The Open Polemic project for communist unity has failed. Real pro-Party discussion is being conducted with other groups by the CPGB Provisional Central Committee, where theory is joined with practice. Genuine communists define themselves in relation to this reality. I hope Comrade Hickman and the OP editorial board will join us and use their journal in the struggle to build communist organisation and practice now.

R Hickman
Open Polemic

Weapon of control

The ‘not guilty’ verdicts in the case of Joy Gardner - cruelly killed by agents of the state in their efforts to deport her - has produced the usual stock response from left organisations. Instead of condemning the capitalists’ immigration controls for claiming the right to determine where workers should live and work, Militant puts it all down to “institutionalised racism, sanctioned at the highest levels and exonerated by the courts” (June 23).

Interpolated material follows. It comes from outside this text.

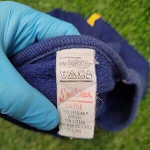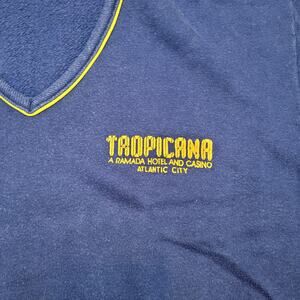 Vintage 80s Tropicana Atlantic City V-neck sweatshirt cropped fit navy with yellow trim and sleeve stripes 50/50 blend.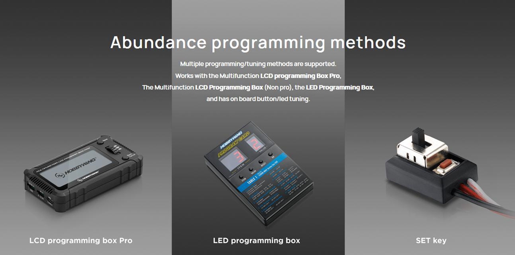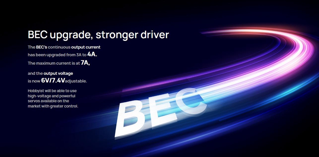 - BEC output: switch mode 6V/7.4V at 4A (switch stabilized voltage mode)

The paper asks: “Had Joy Gardner been white is there any doubt that the treatment which led to her death would not have been meted out?” There is considerable doubt. Police and immigration authorities were not issued with ‘restraints’ and gags in a pack labelled ‘For black deportees only’. The equipment was for use against any ‘illegal’ worker who would not ‘come quietly’, agree to be uprooted from their home and dumped, perhaps penniless, thousands of miles away.

In response to the outcry at Joy’s death - not least from the anti-racist, liberal bourgeoisie - the authorities were forced to abandon their paid agents and place them on trial. After many hours’ consideration, the police officers were found not guilty. The jury - just like Militant - no doubt accepted the state’s right to enforce its border controls. It finally concluded that the killing was accidental.

While many individuals, including police and immigration officers, may remain racist in outlook, it is as clear as daylight that the state’s official ideology is anti-racist. The weapon the capitalists use today in their attempt to rally both black and white workers behind their state (including its barbaric immigration controls) is national chauvinism.

Those who limit their demands to the scrapping of racist immigration controls, instead of calling for our right to live anywhere in the world, are objectively strengthening that weapon.